A muchbetter approach is:
一个多更好的方法是:
- build with
-g -O2 -o myexe.dbg
strip -g myexe.dbg -o myexe
- distribute
myexe
to customers - when a customer gets a
core
, usemyexe.dbg
to debug it
- 用
-g -O2 -o myexe.dbg
strip -g myexe.dbg -o myexe
- 分
myexe
发给客户 - 当客户得到一个
core
,myexe.dbg
用来调试它
You'll have full symbolic info (file/line, local variables), without having to ship a special binary to the customer, and without revealing too many details about your sources.
您将拥有完整的符号信息(文件/行、局部变量),无需向客户发送特殊的二进制文件,也无需透露有关您的源的太多详细信息。
回答by saurabh jindal
As far as I remember, you dont need to ask your customer to run with the binary built with -g option. What is needed is that you should have a build with -g option. With that you can load the core file and it will show the whole stack trace. I remember few weeks ago, I created core files, with build (-g) and without -g and the size of core was same.
据我所知,您不需要让您的客户使用 -g 选项构建的二进制文件运行。需要的是您应该使用 -g 选项进行构建。有了它,您可以加载核心文件,它将显示整个堆栈跟踪。我记得几周前,我创建了核心文件,使用 build (-g) 和不使用 -g,并且核心的大小相同。
回答by Charlie Martin
You can indeed get useful information from a crash dump, even one from an optimized compile (although it's what is called, technically, "a major pain in the ass.") a -g
compile is indeed better, and yes, you can do so even when the machine on which the dump happened is another distribution. Basically, with one caveat, all the important information is contained in the executable and ends up in the dump.
您确实可以从故障转储中获得有用的信息,甚至可以从优化的编译中获得有用的信息(尽管从技术上讲,这就是所谓的“大麻烦”。)-g
编译确实更好,是的,您甚至可以这样做当发生转储的机器是另一个发行版时。基本上,有一个警告,所有重要信息都包含在可执行文件中,并最终在转储中。
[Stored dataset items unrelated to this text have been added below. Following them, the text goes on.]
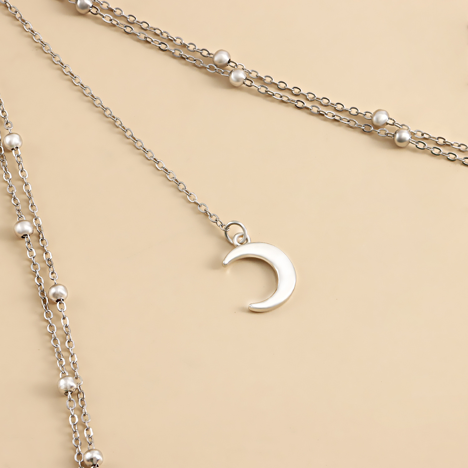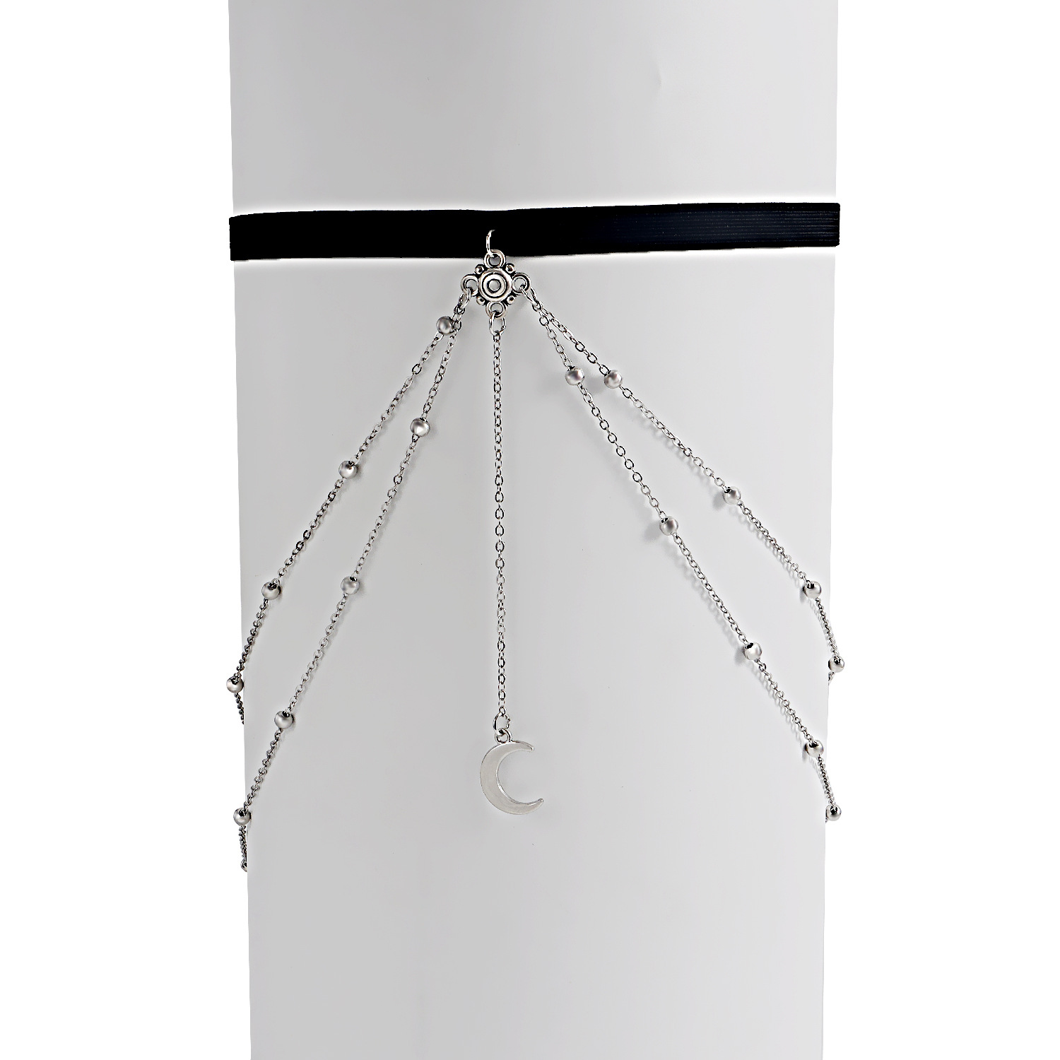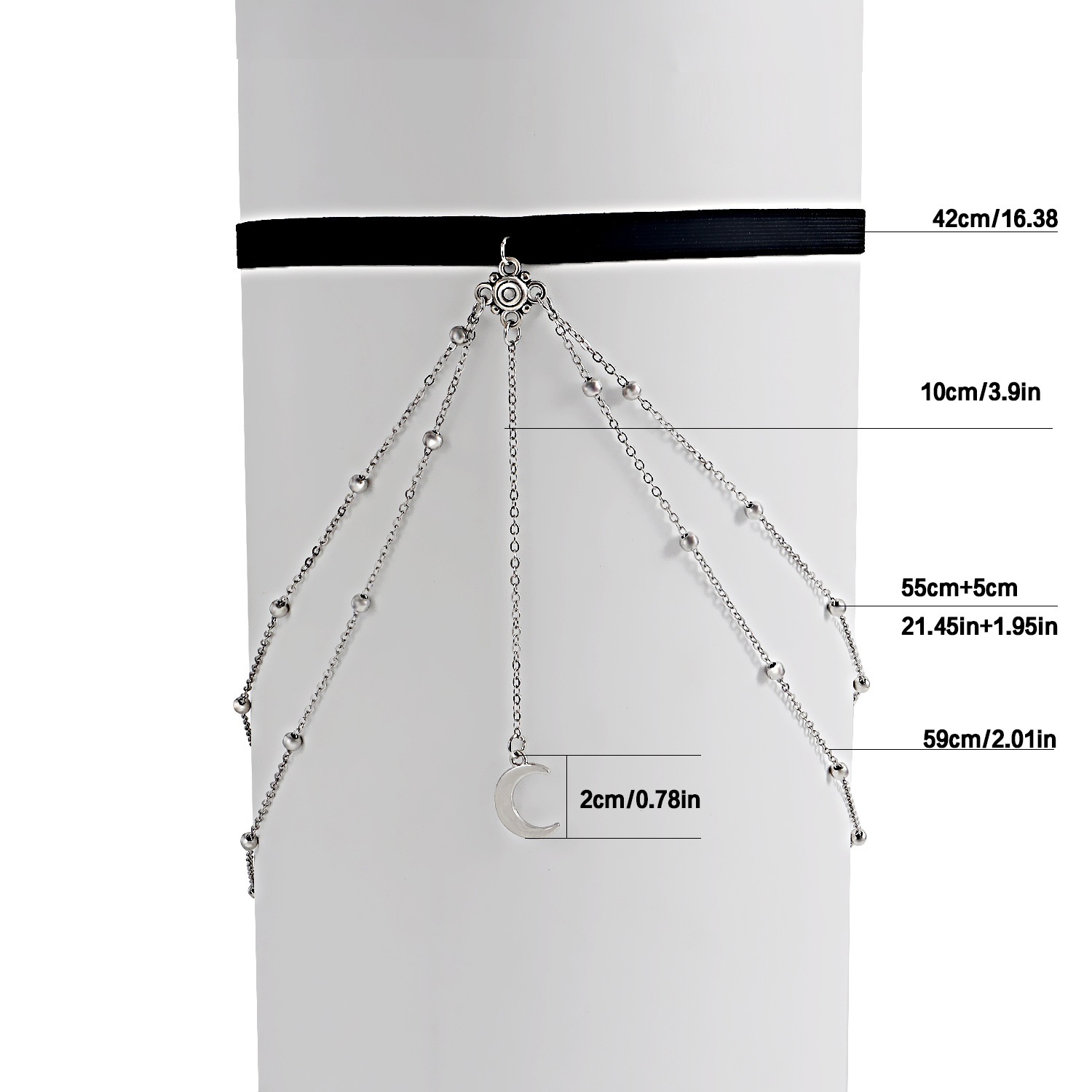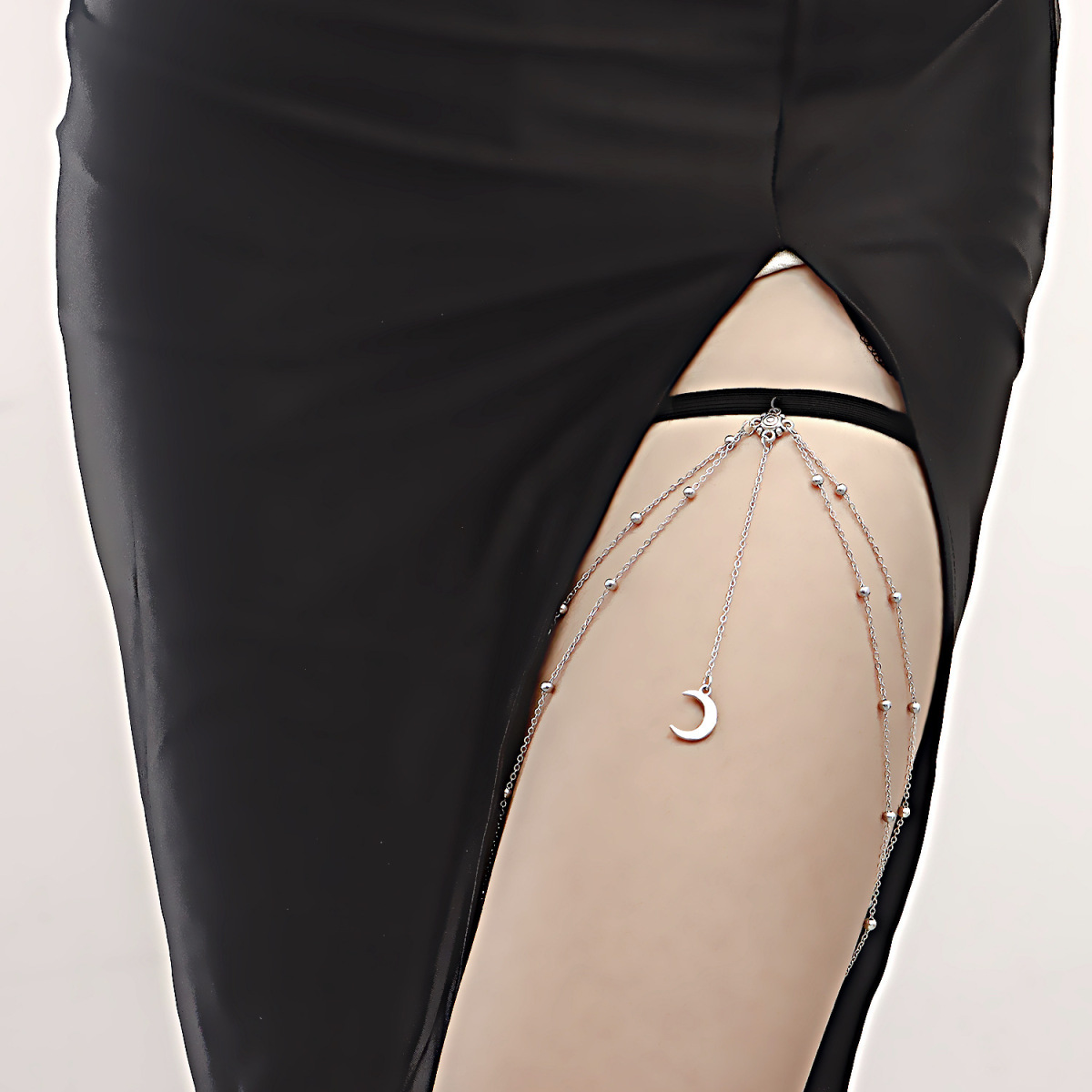 Stretch Double Layer Ball Crescent Pendant Tassel Thigh Chain
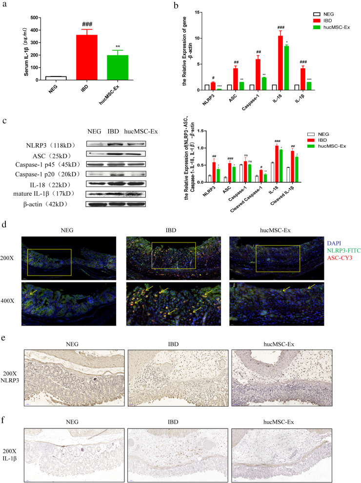 Results: hucMSC-derived exosomes inhibited the activation of NLRP3 inflammasomes in the mouse colon. The secretion of interleukin (IL)-18, IL-1β, and Caspase-1 cleavage was suppressed, resulting in reduced cell pyroptosis. The same outcome was observed in the in vitro cell experiments, where the co-culture of THP-1 cells and MPMs with hucMSC-derived exosomes caused decreased expression of NLRP3 inflammasomes and increased cell survival. Furthermore, miR-378a-5p was highly expressed in hucMSC-derived exosomes and played a vital function in colitis repair.
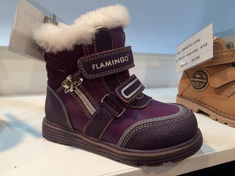 Зимові кожані черевики Flamingo Внутрі шерсть Сбоку молнія 23 розмір 15 см
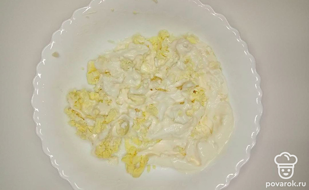 В тарелке соедините куриные желтки, измельченный чеснок, сливочный сыр и майонез. Все хорошо разомните вилкой, посолите и поперчите на свой вкус и перемешайте до однородности.
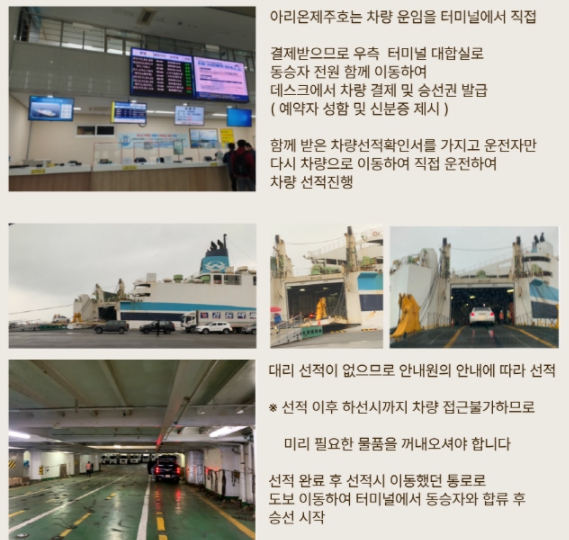 - 안내에 따라 차량 선적 후 터미널 이동.
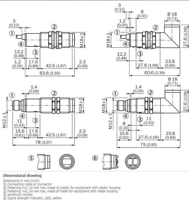 100 mA Response time = 2 ms 5) Switching frequency 250 Hz 6) Connection type Cable, 4-wire, 2 m 7) Cable material PVC Conductor cross-section 0.14 mm² Cable diameter Ø 5 mm Circuit protection A 8) B 9) C 10) D 11) Protection class III Weight 120 g Housing material Metal, Nickel-plated brass Optics material Plastic, PMMA Enclosure rating IP67 Ambient operating temperature –25 °C... +70 °C UL File No. NMFT2. E175606
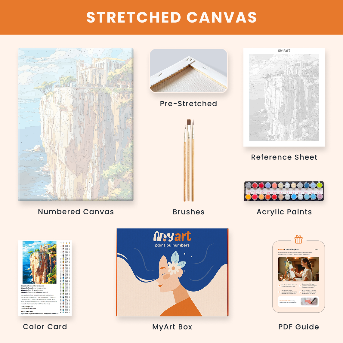 - Premium acrylic paint set (pre-mixed and numbered)
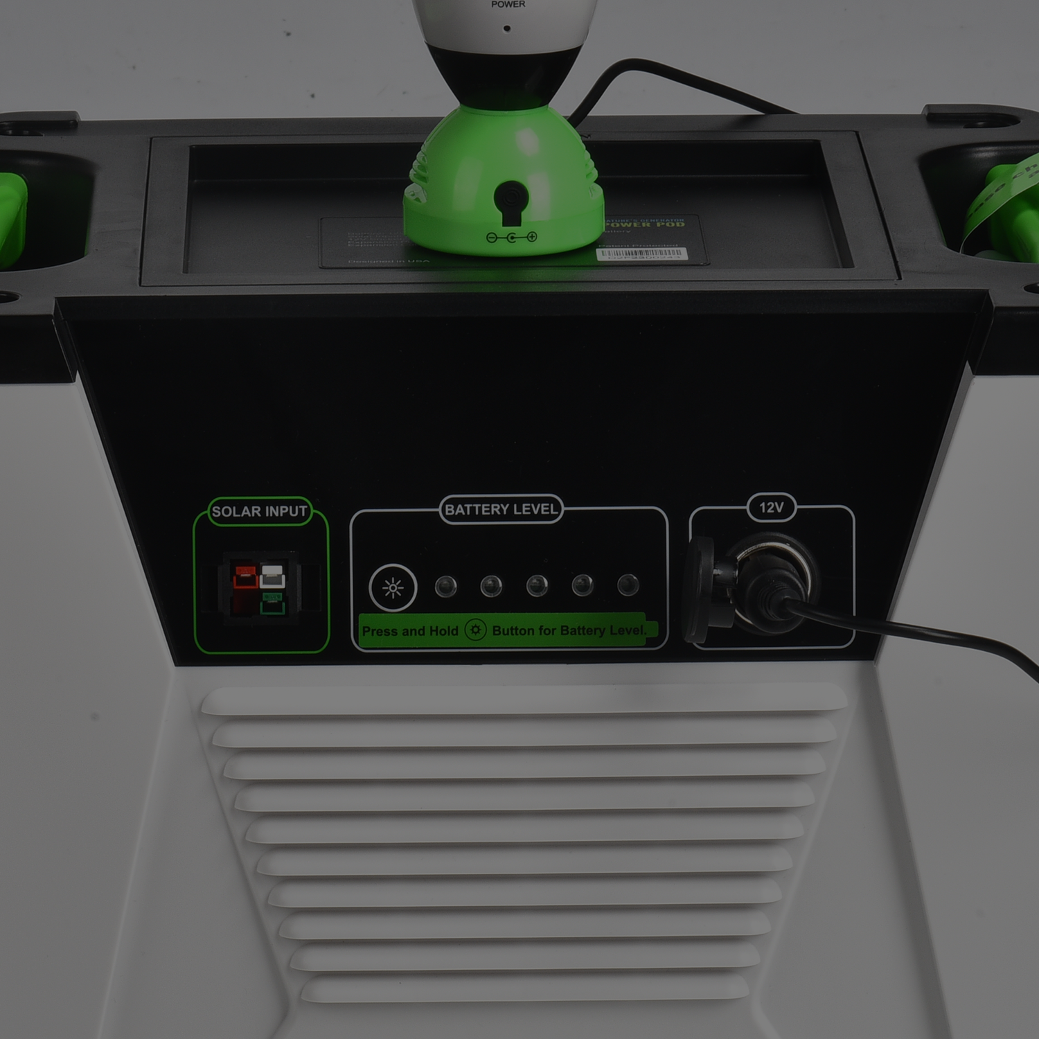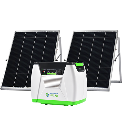 Our Nature's Generator has an 1800W inverter, 3 120V AC outlets, 2 USB ports and an LCD screen that shows data. The Power Pod compliments the Nature's Generator as an additional battery pack for more run time.

When you match the core file with the executable, the debugger will be able to tell you where the crash occurred and show you the stack. That in itself should help a lot. You should also find out as much as you can about the situation in which it happens -- can they reproduce it reliably? If so, can you reproduce it?
当您将核心文件与可执行文件匹配时,调试器将能够告诉您崩溃发生的位置并向您显示堆栈。这本身应该有很大帮助。您还应该尽可能多地了解它发生的情况——他们能否可靠地重现它?如果是这样,你能重现它吗?
Now, here's the caveat: the place where the notion of "everything is there" breaks down is with shared object files, .so
files. If it is failing because of a problem with those, you won't have the symbol tables you need; you may only be able to see what library .so
it happens in.
现在,这里有一个警告:“一切都在那里”的概念崩溃的地方是共享对象文件,.so
文件。如果由于这些问题而失败,您将没有所需的符号表;您可能只能看到.so
它发生在哪个库中。
There are a number of books about debugging, but I can't think of one I'd recommend.
有很多关于调试的书,但我想不出我推荐的一本。
回答by Malkocoglu
Inspect the values of local variables you see when you walk the stack ? Especially around the select() call. Do this on customer's box, just load the dump and walk the stack...
检查您在遍历堆栈时看到的局部变量的值?特别是在 select() 调用周围。在客户的盒子上执行此操作,只需加载转储并遍历堆栈...
Also , check the value of FD_SETSIZE on both your DEV and PROD platforms !
另外,在您的 DEV 和 PROD 平台上检查 FD_SETSIZE 的值!